Only a slice of the listing below is wanted. Retype the lines from the one containing "Foldable Metal Frame" through the one containing "Marevo — инструмент", exactly, both ends included.
─── DATA SUPPLIED ───
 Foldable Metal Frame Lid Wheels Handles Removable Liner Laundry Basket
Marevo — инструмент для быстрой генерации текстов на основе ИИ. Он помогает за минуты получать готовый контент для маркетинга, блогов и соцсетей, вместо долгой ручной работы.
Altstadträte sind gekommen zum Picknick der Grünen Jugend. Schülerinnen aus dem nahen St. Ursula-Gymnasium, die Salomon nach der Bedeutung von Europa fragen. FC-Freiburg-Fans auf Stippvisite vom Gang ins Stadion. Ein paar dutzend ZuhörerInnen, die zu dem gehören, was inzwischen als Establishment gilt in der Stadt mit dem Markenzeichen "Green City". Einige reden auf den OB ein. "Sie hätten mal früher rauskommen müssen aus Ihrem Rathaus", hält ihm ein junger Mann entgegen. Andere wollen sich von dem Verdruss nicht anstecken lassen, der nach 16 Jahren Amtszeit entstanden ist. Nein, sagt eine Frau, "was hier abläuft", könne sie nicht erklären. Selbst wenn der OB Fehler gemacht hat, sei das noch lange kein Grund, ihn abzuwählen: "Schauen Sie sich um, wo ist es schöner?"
───
─── DATA SUPPLIED ───
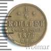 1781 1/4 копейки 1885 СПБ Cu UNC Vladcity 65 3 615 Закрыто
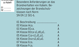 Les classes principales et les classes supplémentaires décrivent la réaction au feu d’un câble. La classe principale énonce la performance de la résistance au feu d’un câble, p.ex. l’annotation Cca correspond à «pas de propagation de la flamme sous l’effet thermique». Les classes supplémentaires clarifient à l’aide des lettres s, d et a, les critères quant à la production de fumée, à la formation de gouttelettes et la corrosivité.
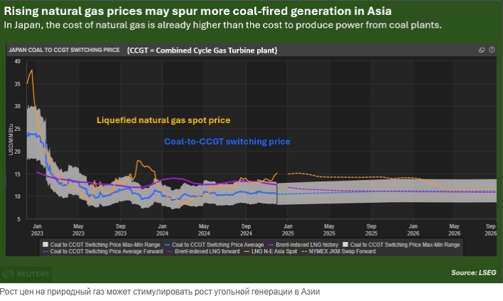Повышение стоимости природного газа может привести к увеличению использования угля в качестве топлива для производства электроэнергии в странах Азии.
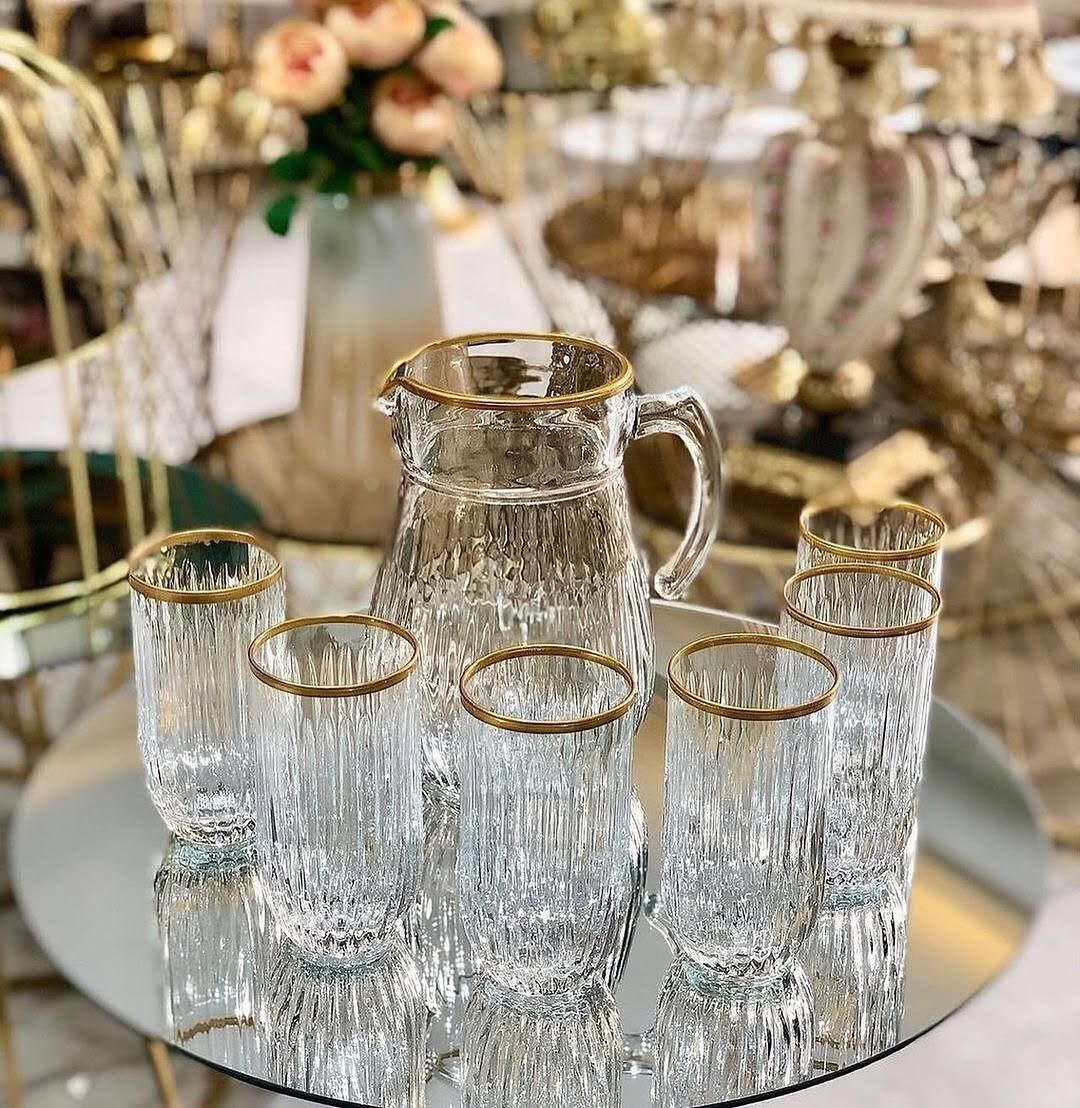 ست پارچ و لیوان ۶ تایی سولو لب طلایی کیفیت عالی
───
─── DATA SUPPLIED ───
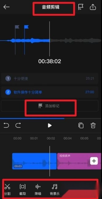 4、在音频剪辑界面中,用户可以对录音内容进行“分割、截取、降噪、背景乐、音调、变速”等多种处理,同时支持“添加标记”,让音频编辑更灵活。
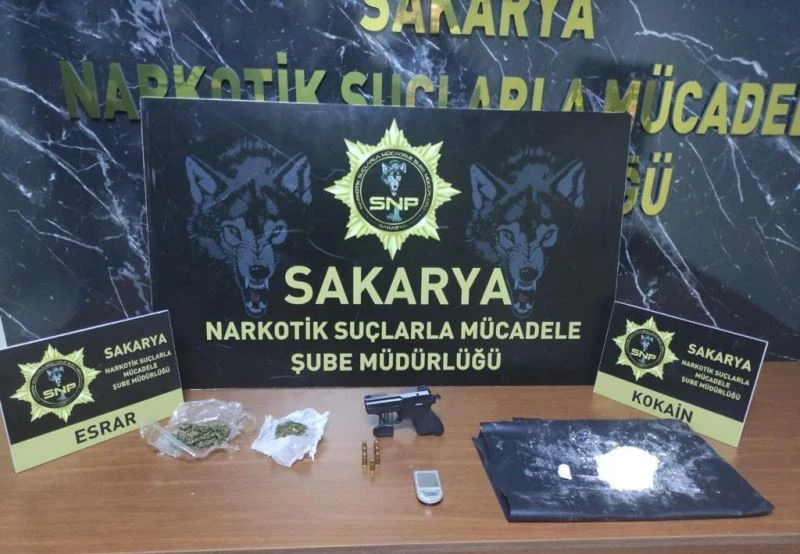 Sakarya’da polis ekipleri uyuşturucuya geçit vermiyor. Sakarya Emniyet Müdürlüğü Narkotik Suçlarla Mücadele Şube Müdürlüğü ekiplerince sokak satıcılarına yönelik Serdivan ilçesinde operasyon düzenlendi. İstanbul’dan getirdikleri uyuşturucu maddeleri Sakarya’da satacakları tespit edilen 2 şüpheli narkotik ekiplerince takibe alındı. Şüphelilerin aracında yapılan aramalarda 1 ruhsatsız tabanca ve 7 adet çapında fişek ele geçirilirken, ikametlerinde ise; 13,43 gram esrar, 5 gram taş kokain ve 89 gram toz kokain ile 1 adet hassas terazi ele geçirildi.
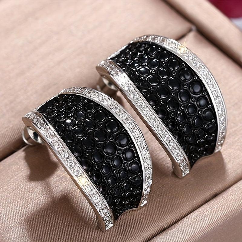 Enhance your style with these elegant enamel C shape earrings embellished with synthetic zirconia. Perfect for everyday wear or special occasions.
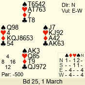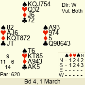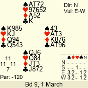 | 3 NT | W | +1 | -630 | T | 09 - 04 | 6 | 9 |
───
▶ _OUTPUT OF THE TASK_:
 Foldable Metal Frame Lid Wheels Handles Removable Liner Laundry Basket
Marevo — инструмент для быстрой генерации текстов на основе ИИ. Он помогает за минуты получать готовый контент для маркетинга, блогов и соцсетей, вместо долгой ручной работы.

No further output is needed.